Cinco tecnologías que cambiarán el mundo en cinco años

Cultivos inteligentes, cuchillos que detectan bacterias o cadenas de suministro que minimizan el desperdicio. Son algunos de los escenarios que podrán hacerse realidad de cumplirse las cinco predicciones tecnológicas que IBM compartió con los empleados de BBVA en el marco del proyecto ‘Ninja’, creado para fomentar el talento y la cultura digital interna del banco.

“La tecnología nos debería ayudar a que, dentro de cinco años, y también dentro de 50, podamos decir que la Tierra sigue siendo un lugar agradable donde vivir”, afirmaba Ángel Castán, responsable del área de Retail Cognitivo de IBM, durante la charla que ofreció a los empleados de BBVA como parte del programa ‘Ninja’. Una de las claves de esta iniciativa es la participación activa de socios tecnológicos estratégicos del banco, que periódicamente comparten con los empleados su visión sobre los últimos avances, investigaciones y lanzamientos que pueden tener un impacto en la sociedad.

En esta ocasión, el experto de IBM compartió con los ‘ninjas’ de BBVA las claves para entender las cinco tecnologías que, según la compañía, podrán cambiar el mundo en los próximos cinco años, especialmente en la forma en que nos relacionamos con el entorno que nos rodea.
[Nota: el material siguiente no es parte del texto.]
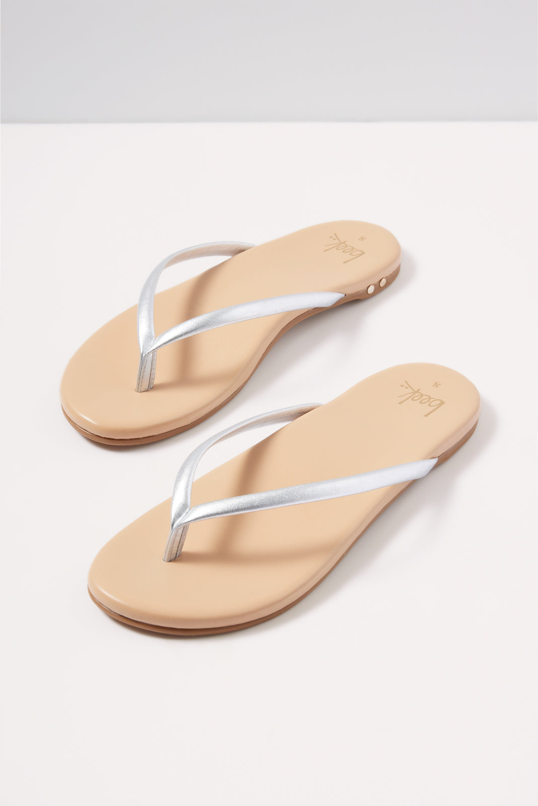 Add a hint of shine to your summer look with these metallic thong sandals by Beek, featuring a silver leather strap and memory foam footbed for day-to-night comfort.

Según explicó el responsable, se estima que la población del planeta superará los ocho mil millones de habitantes en los próximos cinco años, mientras que el terreno cultivable será cada vez menor. Esto supondrá un reto para el abastecimiento alimentario necesario de la población, una situación que además se verá influida por el cambio climático y un suministro finito de agua.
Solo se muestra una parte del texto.